If you want to override some of the queue attributes, then you must pass in the queueName and an object with the necessary attributes

Usage: Step 1; the setup

The first thing you need to do is to establish the relay. This could be in response of an API Gateway call, passing in some job parameters of the task that has be to be completed.
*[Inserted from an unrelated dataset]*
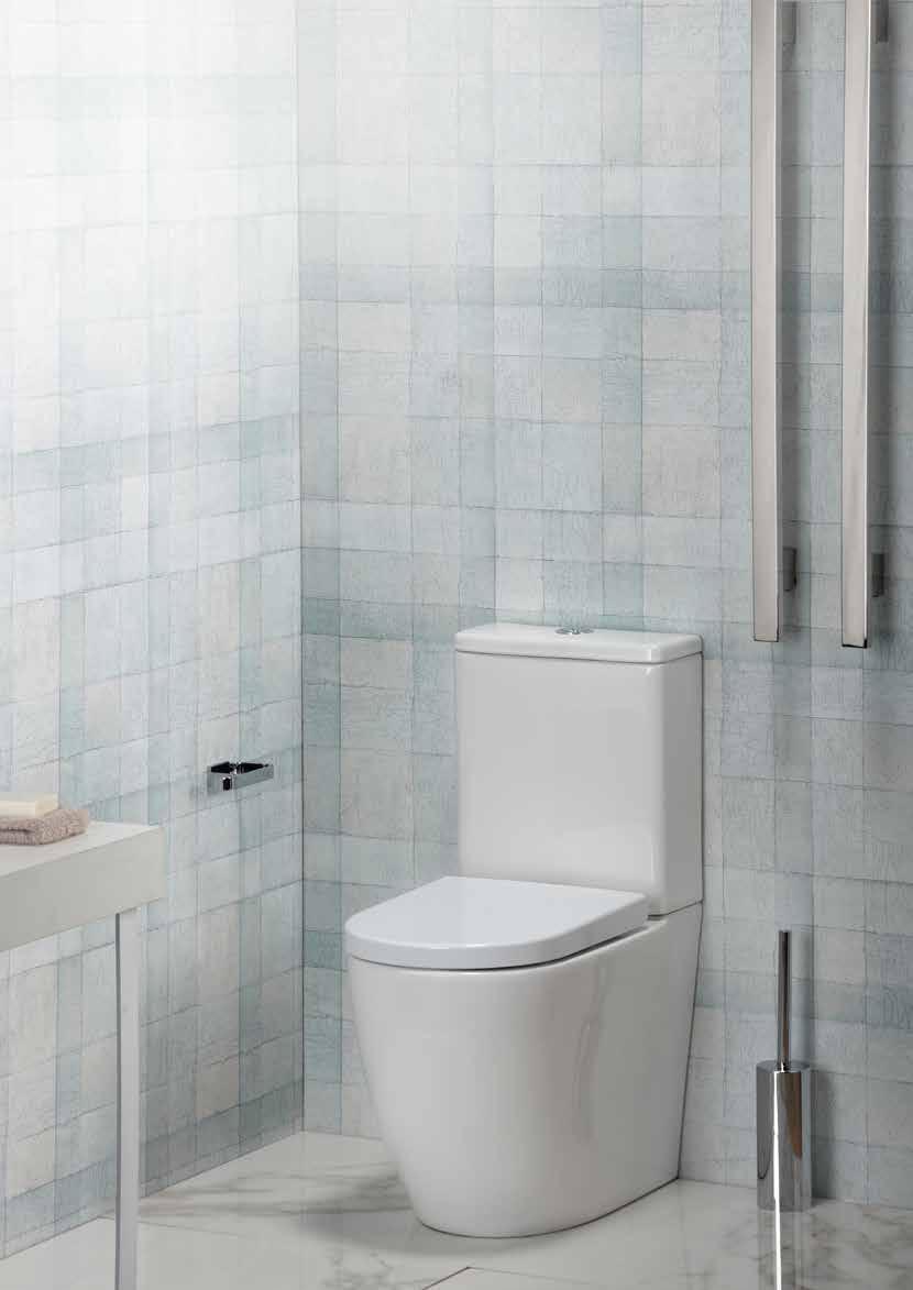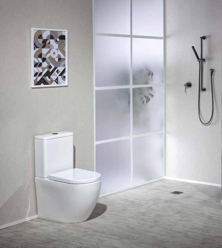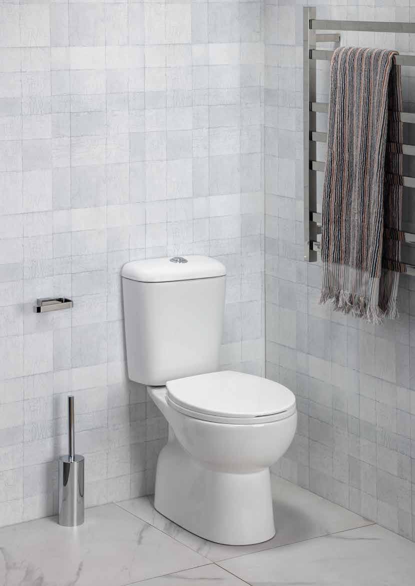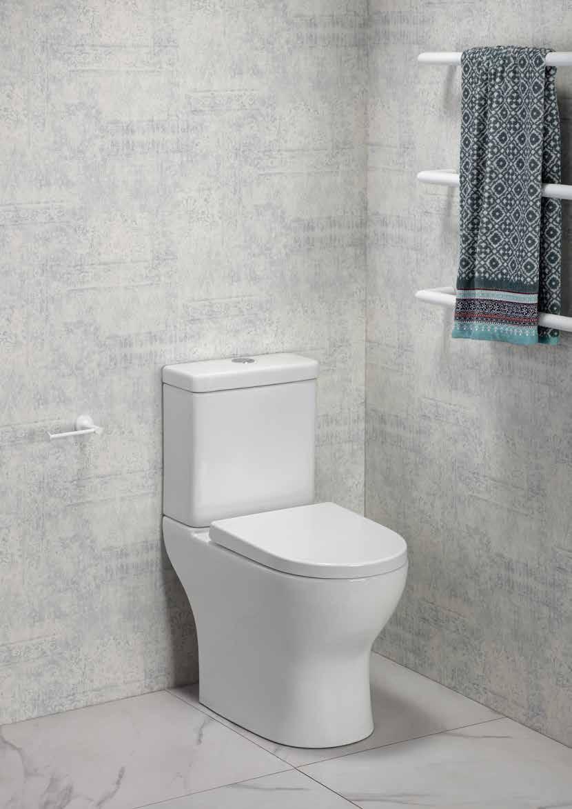 With this suite the pan fits back to the wall giving a more streamlined design and the benefit of concealing most of the plumbing connections.
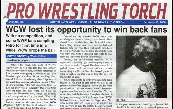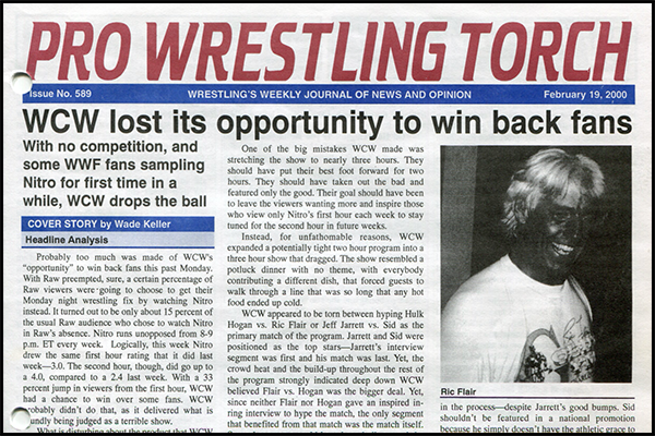 SUMMARY of #589 cover-dated February 19, 2000: This issue features a cover story on how WCW blew their opportunity to win over new fans with their unopposed Nitro when Raw was preempted… WCW Newswire covers Scott Hall’s conduct overseas, Shane Douglas being fired, and more problems behind the scenes… WWF Newswire features interview highlights with Vince McMahon and Triple H… Bruce Mitchell’s Ninth Annual Year-in-Review Quiz featuring 40 satirical, biting, ironic questions summing up the crazy year that was 1999… Plus ECW Newswire, reports on Raw, Nitro, Smackdown, ECW TV, and more…

This is a task that won't complete within the allocated 30 seconds that a Lambda is allowed to run for.

"use strict";

const awsRelay = require("mg-aws-lambda-relay");

module.exports = async (event, context, callback) => {

  // Setup the relay
  const lambdaFunc = "nameOfLambdaToProcessUnit";
  const relayPkt   = await awsRelay.setup( context, lambdaFunc );


  // Determine what is you are doing; use the relayPkt object to communicate
  // task details for the upstream Lambda calls
  relayPkt.s3FileToProcess = "/some/key/of/a/big/file.csv";


  // Pass it on to Lambda for processing
  // OR if you can process the units in parallel; then call .relayPass(.) multiple times
  await awsRelay.relayPass( relayPkt );
  
  
  callback(null, awsContext.ok(relayPkt));

}

Usage: Step 2; the worker

Then for the Lambda that is listening for the relay messages, it will execute as much as it can within its time allocation and then pass it on to the next relay or terminate the overall relay.

"use strict";

const awsRelay = require("mg-aws-lambda-relay");
const { PerformanceObserver, performance } = require("perf_hooks");

module.exports = async (event, context, callback) => {

  // Get the relayPkt from the event
  const relayPkt = awsRelay.getRelayPkt(event);
  if ( relayPkt == null ){
    console.log("invalid relay message");
    return;
  }

  // Check to see if there is anything left to do;
  // if not:  await awsRelay.tearDown(relayPkt);


  // Loop around performing your task, small units/batches at a time
  let bStillTime = true;
  while ( bStillTime ){

    // Note the time we start
    const sTime = context.getRemainingTimeInMillis();


    // Perform the small unit of processing you need to do
    // doSomething();


    // Calculate how long it took
    const takenTime = performance.now() - stTime;

    // Determine if have enough time to execute another unit based on the
    // time it took for the last one (with a little buffer time added)
    if ( Math.ceil( takenTime + (takenTime * 0.5) ) > context.getRemainingTimeInMillis() ){
      await relayPass(relayPkt);
      bStillTime = false;
    }

  }

}

Process flow: Single-Threaded Execution

You can think of it

+----------------+
|                |
|  Lambda-Start  |
|                |
+-------+--------+
        |
        | awsRelay.setup()
        | awsRelay.relayPass()
        v
+-------+--------+
|                |
|  Lambda-Worker |
|                |
+-------+--------+
        |
        |
        | awsRelay.relayPass()
        v
+-------+--------+
|                |
|  Lambda-Worker |
|                |
+-------+--------+
        |
        |
        | awsRelay.relayPass()
        v
+-------+--------+
|                |
|  Lambda-Worker |
|                |
+-------+--------+
        |
        |
        | awsRelay.tearDown()
        v
   +----+----+

Process flow: Parallel Execution

If you can have your units run in parallel, then it is easy to use the same mechanism but instead of calling .relayPass() just once, you call it for each processing unit, setting some sort of parameter in the relayPkt to let the Lambda-Worker know which piece of the puzzle they are working on.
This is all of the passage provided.